* _ASSIGNED TASK_: The reply must contain exactly the lines below from the one with "Children can construct" down to the one with "Nie zabrakło wspaniałych", both included, and nothing more; please omit the pictures.

--- INFORMATION SHOWN ---

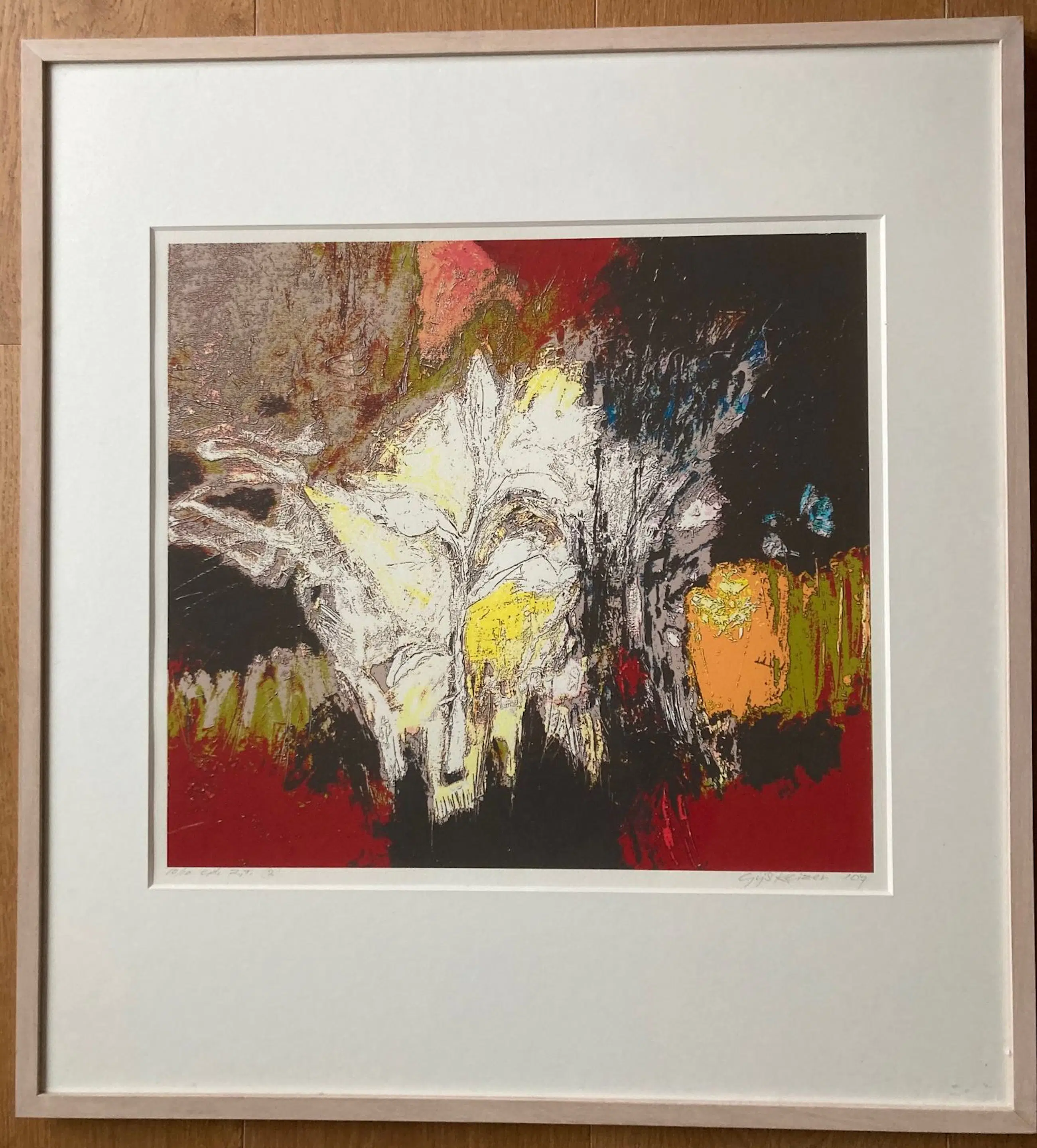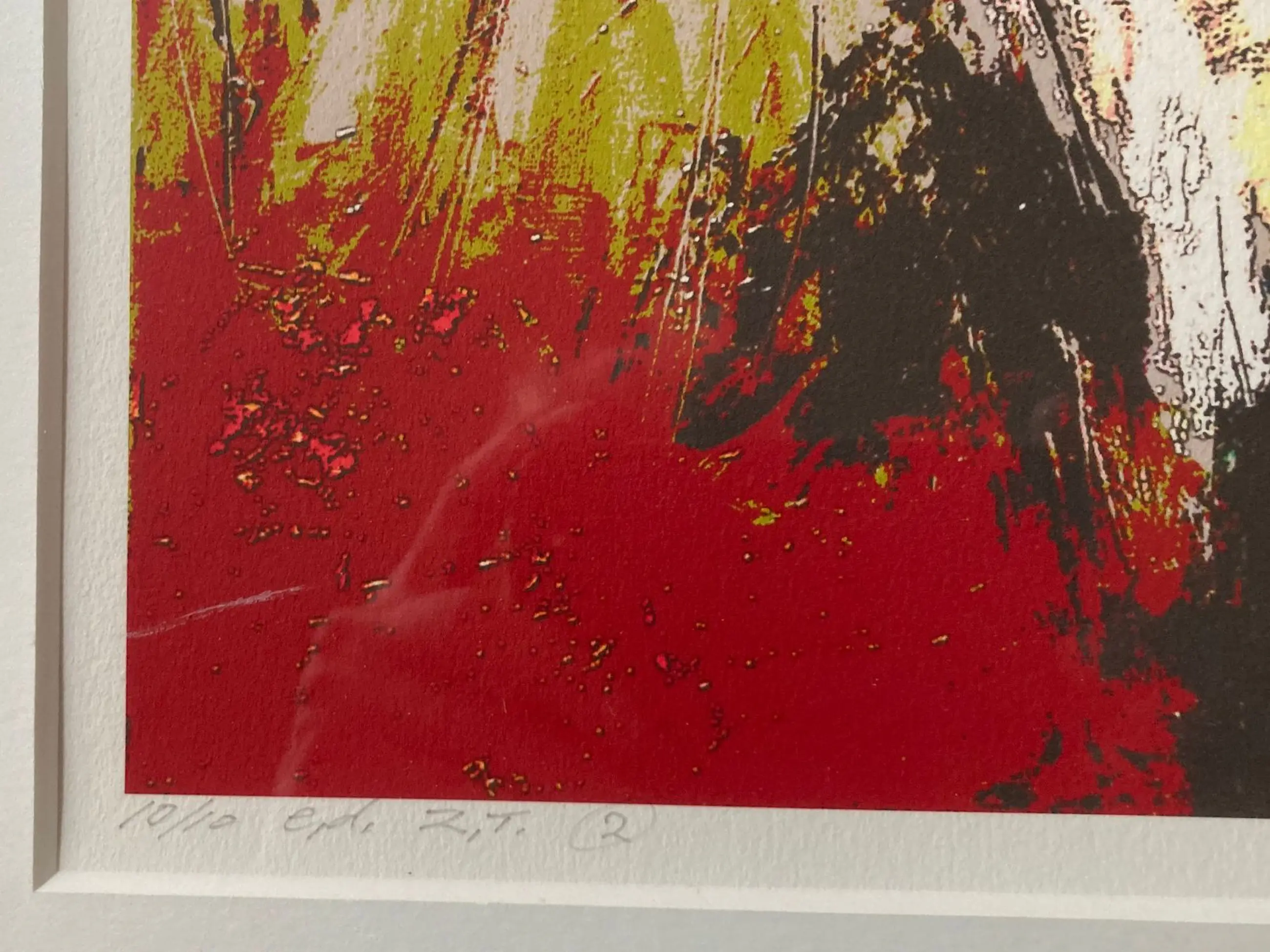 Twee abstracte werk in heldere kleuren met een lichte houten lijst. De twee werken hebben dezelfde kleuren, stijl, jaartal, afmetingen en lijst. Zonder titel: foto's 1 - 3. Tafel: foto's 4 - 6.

---
--- INFORMATION SHOWN ---

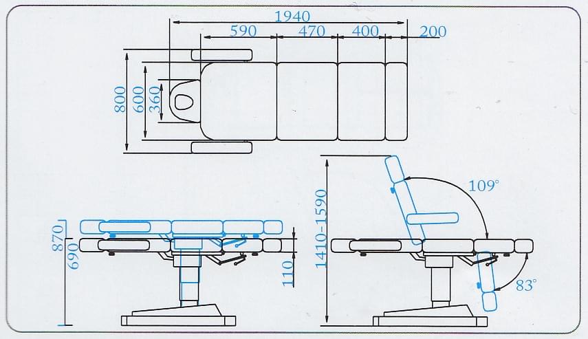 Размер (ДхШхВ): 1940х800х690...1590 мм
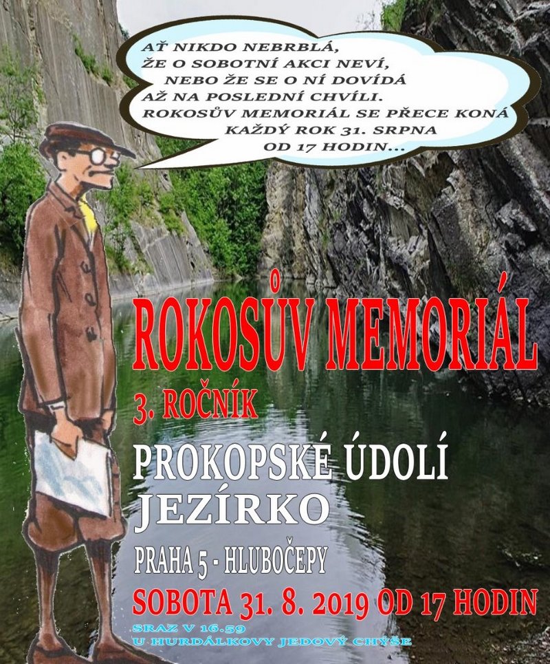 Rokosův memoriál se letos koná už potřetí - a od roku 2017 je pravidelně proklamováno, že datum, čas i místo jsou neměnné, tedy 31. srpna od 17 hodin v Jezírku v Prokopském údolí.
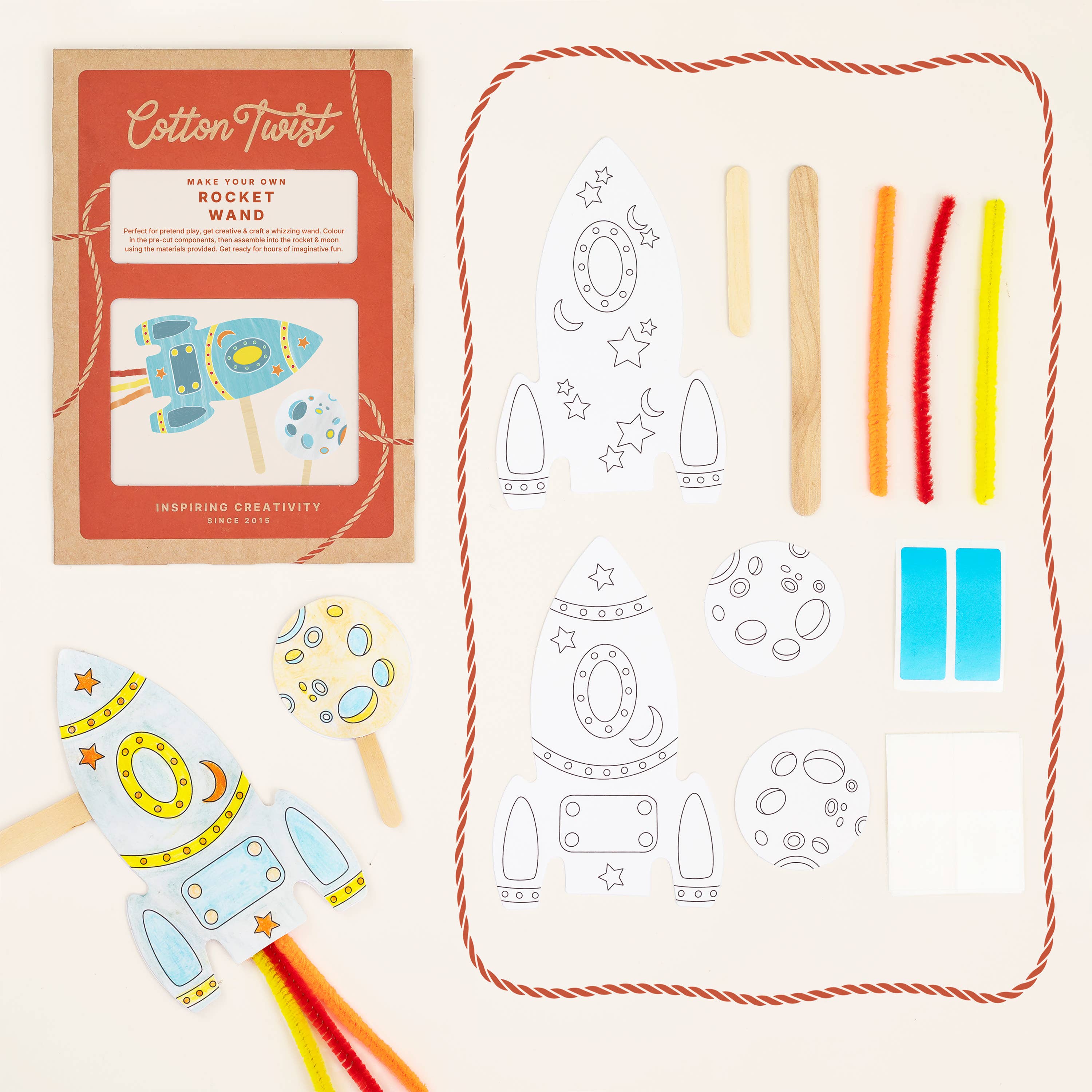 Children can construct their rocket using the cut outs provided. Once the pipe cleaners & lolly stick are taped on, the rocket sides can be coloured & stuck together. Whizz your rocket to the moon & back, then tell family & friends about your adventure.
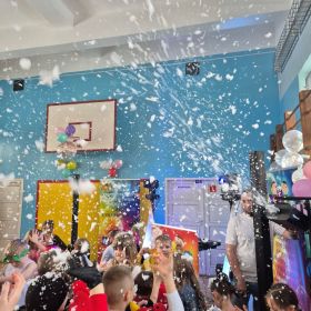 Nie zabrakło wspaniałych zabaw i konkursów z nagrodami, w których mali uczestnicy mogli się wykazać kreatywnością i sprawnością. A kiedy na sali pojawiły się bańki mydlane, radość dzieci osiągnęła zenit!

---
--- INFORMATION SHOWN ---

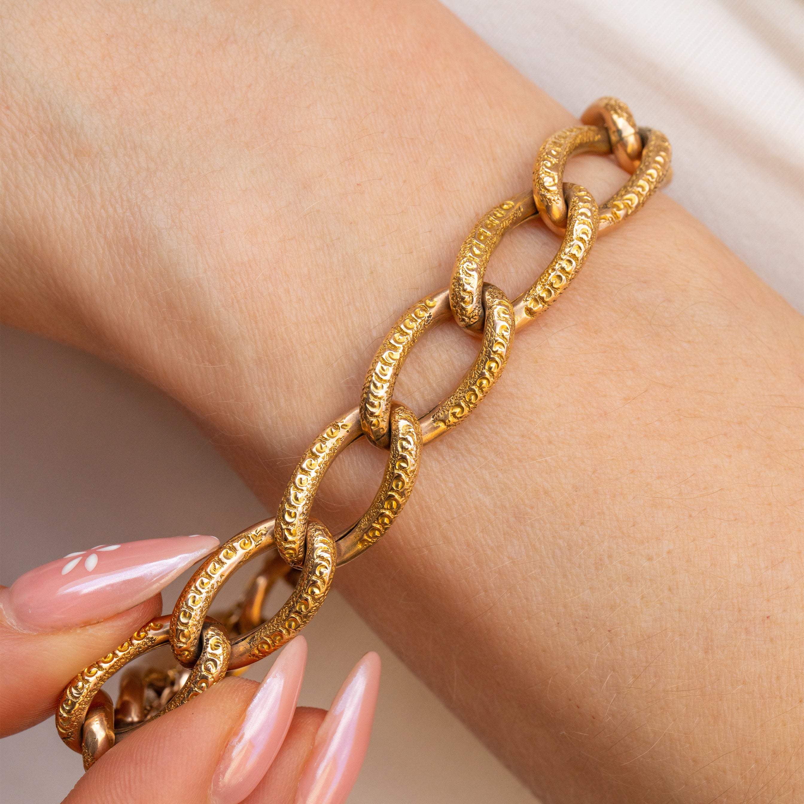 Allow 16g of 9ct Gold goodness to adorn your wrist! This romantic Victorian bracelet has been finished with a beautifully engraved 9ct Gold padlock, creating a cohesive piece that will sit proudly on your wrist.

---

* _THE COMPLETED TASK_:
 Children can construct their rocket using the cut outs provided. Once the pipe cleaners & lolly stick are taped on, the rocket sides can be coloured & stuck together. Whizz your rocket to the moon & back, then tell family & friends about your adventure.
 Nie zabrakło wspaniałych zabaw i konkursów z nagrodami, w których mali uczestnicy mogli się wykazać kreatywnością i sprawnością. A kiedy na sali pojawiły się bańki mydlane, radość dzieci osiągnęła zenit!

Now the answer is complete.